Django/migrate時の処理を読む（流れ）

はじめに
django/core/management/commands/migrate.py
django/db
django/db/migrations/loader.py
django/db/migrations/executor.py
おわりに

はじめに †

やっとチュートリアルがその2になりました。しばらく読んでない間に1.11が出てしまったのですが(汗)、読解は引き続き1.10を使って進めます。

さて、チュートリアルその2の話題はモデルです。モデルの定義、モデルに対応するデータベーステーブルの作成、モデルの操作などが読解対象になります。

まずは、チュートリアルで初めに

$ python manage.py migrate

と打てと書いてあるのでmigrateコマンドの中身を見てDjangoがデータベースにどのようにテーブルを作っていくか見ていきましょう。（ここではまだこれから作成していくアプリのモデルはなく、プロジェクト作成時にデフォルトで設定されているDjango付属のアプリが使うモデルについて処理が行われます）

ちなみに、打ってみると以下のように出力されます。

Operations to perform:
  Apply all migrations: admin, auth, contenttypes, sessions
Running migrations:
  Applying contenttypes.0001_initial... OK
  Applying auth.0001_initial... OK
  Applying admin.0001_initial... OK
  Applying admin.0002_logentry_remove_auto_add... OK
  Applying contenttypes.0002_remove_content_type_name... OK
  Applying auth.0002_alter_permission_name_max_length... OK
  Applying auth.0003_alter_user_email_max_length... OK
  Applying auth.0004_alter_user_username_opts... OK
  Applying auth.0005_alter_user_last_login_null... OK
  Applying auth.0006_require_contenttypes_0002... OK
  Applying auth.0007_alter_validators_add_error_messages... OK
  Applying auth.0008_alter_user_username_max_length... OK
  Applying sessions.0001_initial... OK

↑

django/core/management/commands/migrate.py †

スタート地点はいつものようにCommandクラスが書かれているコマンド名と対応したファイルです。

migrateコマンドのhandleは結構長いです。ざっと見た感じでは以下の処理を行っています。

データベースへの接続
実行するマイグレーションの決定、順序付け
マイグレーションの実行

ひとつずつ見ていきましょう。

↑

django/db †

データベースの接続を行っていると思われる個所は以下のところです。

-
!
 
 
-
!

        # Get the database we're operating from
        db = options['database']
        connection = connections[db]
 
        # Hook for backends needing any database preparation
        connection.prepare_database()

connectionsとローカル変数の辞書のようにしれっと書いてありますがこの実体は、

from django.db import DEFAULT_DB_ALIAS, connections, router, transaction

と、django.dbモジュールの属性です。
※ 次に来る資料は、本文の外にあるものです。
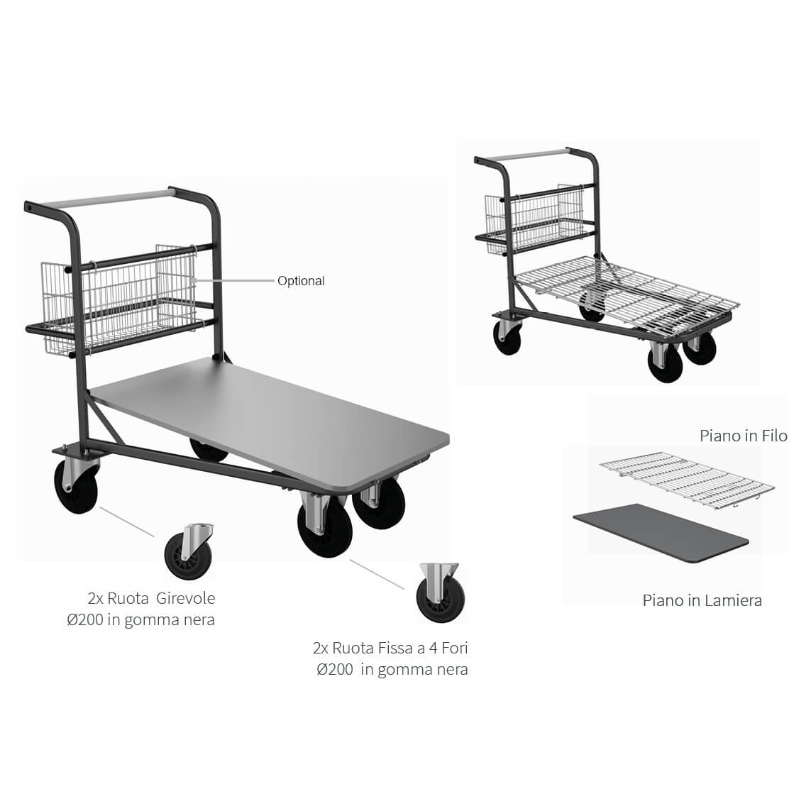 Wheels Ø 200 mm : 2 swivel + 2 fixed.

というわけで、視点をdjango/db/__init__.pyに向けると、

from django.db.utils import (
    DEFAULT_DB_ALIAS, DJANGO_VERSION_PICKLE_KEY, ConnectionHandler,
    ConnectionRouter, DatabaseError, DataError, Error, IntegrityError,
    InterfaceError, InternalError, NotSupportedError, OperationalError,
    ProgrammingError,
)
 
connections = ConnectionHandler()

utils.pyに移ってConnectionHandlerクラスの__getitem__メソッド

    def __getitem__(self, alias):
        if hasattr(self._connections, alias):
            return getattr(self._connections, alias)
 
        self.ensure_defaults(alias)
        self.prepare_test_settings(alias)
        db = self.databases[alias]
        backend = load_backend(db['ENGINE'])
        conn = backend.DatabaseWrapper(db, alias)
        setattr(self._connections, alias, conn)
        return conn

load_backend関数を見るとENGINEとして設定したもののbase、デフォルトのままのsettings.pyならdjango/db/backends/sqlite3/base.pyが読み込まれて返されることがわかります。なお、self.databasesはプロパティでsettings.pyのDATABASESが設定されています。まあこれについてはもう詳しい説明は必要ないでしょう。
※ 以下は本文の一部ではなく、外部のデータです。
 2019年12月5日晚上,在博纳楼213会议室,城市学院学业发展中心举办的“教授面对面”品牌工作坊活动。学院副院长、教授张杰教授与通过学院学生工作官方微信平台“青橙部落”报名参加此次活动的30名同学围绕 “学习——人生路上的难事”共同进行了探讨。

で、prepare_databaseで接続を行っているのかと思ったらしてないみたいですね。migrate.pyに戻って先に進むことにしましょう。

↑

django/db/migrations/loader.py †

次は、実行するマイグレーションの決定、です。関係ありそうなところだけ抜き出すと以下のようになります。

-
!
 
-
!
-
!
 
-
!
-
!

        # Work out which apps have migrations and which do not
        executor = MigrationExecutor(connection, self.migration_progress_callback)
        
        # エラー処理と思われるもの省略
        
        # If they supplied command line arguments, work out what they mean.
        target_app_labels_only = True
        if options['app_label'] and options['migration_name']:
            # 省略
        elif options['app_label']:
            # 省略
        else:
            targets = executor.loader.graph.leaf_nodes()
 
        plan = executor.migration_plan(targets)

キーになるのはMigrationExecutorのようです。上にあるimportを見ると、MigrationExecutorクラスはdjango.db.migrations.executorモジュールにあることがわかります。

また、executorの属性としてloaderとありますが、これはexecutorモジュールと同じ階層にあるloaderモジュールで定義されているMigrationLoaderクラスのインスタンスです。

 
-
|
|
!

class MigrationLoader(object):
    """
    Loads migration files from disk, and their status from the database.
 
    Migration files are expected to live in the "migrations" directory of
    an app. Their names are entirely unimportant from a code perspective,
    but will probably follow the 1234_name.py convention.
 
    On initialization, this class will scan those directories, and open and
    read the python files, looking for a class called Migration, which should
    inherit from django.db.migrations.Migration. See
    django.db.migrations.migration for what that looks like.
    
    以下略
    """
 
    def __init__(self, connection, load=True, ignore_no_migrations=False):
        self.connection = connection
        self.disk_migrations = None
        self.applied_migrations = None
        self.ignore_no_migrations = ignore_no_migrations
        if load:
            self.build_graph()

クラスコメントを読むとこのクラスが何をしているのかがわかります。つまり、アプリのmigrationsディレクトリにあるファイルの読み込みと、データベースを読んでマイグレーションの状況を管理しているようです。build_graphとあるので、これらは初期化時に行われているようです。

build_graphメソッドの先頭。

 
-
|
|
|
!
-
!
-
!

    def build_graph(self):
        """
        Builds a migration dependency graph using both the disk and database.
        You'll need to rebuild the graph if you apply migrations. This isn't
        usually a problem as generally migration stuff runs in a one-shot process.
        """
        # Load disk data
        self.load_disk()
        # Load database data
        if self.connection is None:
            self.applied_migrations = set()
        else:
            recorder = MigrationRecorder(self.connection)
            self.applied_migrations = recorder.applied_migrations()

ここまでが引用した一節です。